The number of cats treated with radiation therapy is still limited.Surgical Therapy for Adrenal Dependent Hyperadrenocorticism
Adrenalectomy is the treatment of choice for dogs with ADH, after careful assessment of risks and benefits. Vascular infiltration, the presence of tumors >5cm and metastases are adverse prognostic factors. Metastases are observed in 6-18% of cases by radiography, ultrasound, or CT. Intraoperative and perioperative mortality is variable, but can exceed 25%; animals that survive, however, have excellent life expectancy, from 1 to over 4 years. To stabilize the dog before surgery, it is important to administer medical therapy (preferably trilostane) for 3-4weeks. Intraoperative and postoperative complications are intraperitoneal bleeding, hypoadrenocorticism, pancreatitis, and acute renal failure (Massari et al. 2011). In cats, experience is still limited.

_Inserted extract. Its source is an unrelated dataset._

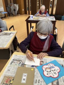 皆さん好きなお手本を選ばれて、熱心に書かれていましたよ。

Medical Therapy for Adrenal Dependent Hyperadrenocorticism
Trilostane is also effective to treat dogs with ADH, although sometimes with a slightly lower dosage than that used for PDH. Median life expectancy ranges from 12-14 months. Mitotane can be used for medical therapy of dogs with ADH, although the effective dosages are 50-100% higher compared to those used for PDH, for both the initiation phase and maintenance therapy. Median survival of dogs with ADH treated with trilostane or mitotane is comparable (Helm et al. 2011).
Other Therapies
Because HAC can lead to hypertension, it is necessary to assess whether this is present and treat it with anti-hypertensive drugs. Furthermore, HAC in dogs often causes glomerulopathy and proteinuria, which may require anti-proteinuric treatment. Dogs, and especially cats, can have concurrent diabetes mellitus. Treatment for HAC improves glycemic control in many cats, but not always in the dog. Finally, since HAC in dogs may promote a hypercoagulable state and thromboembolism, antiplatelet agents may be necessary (Park et al. 2013).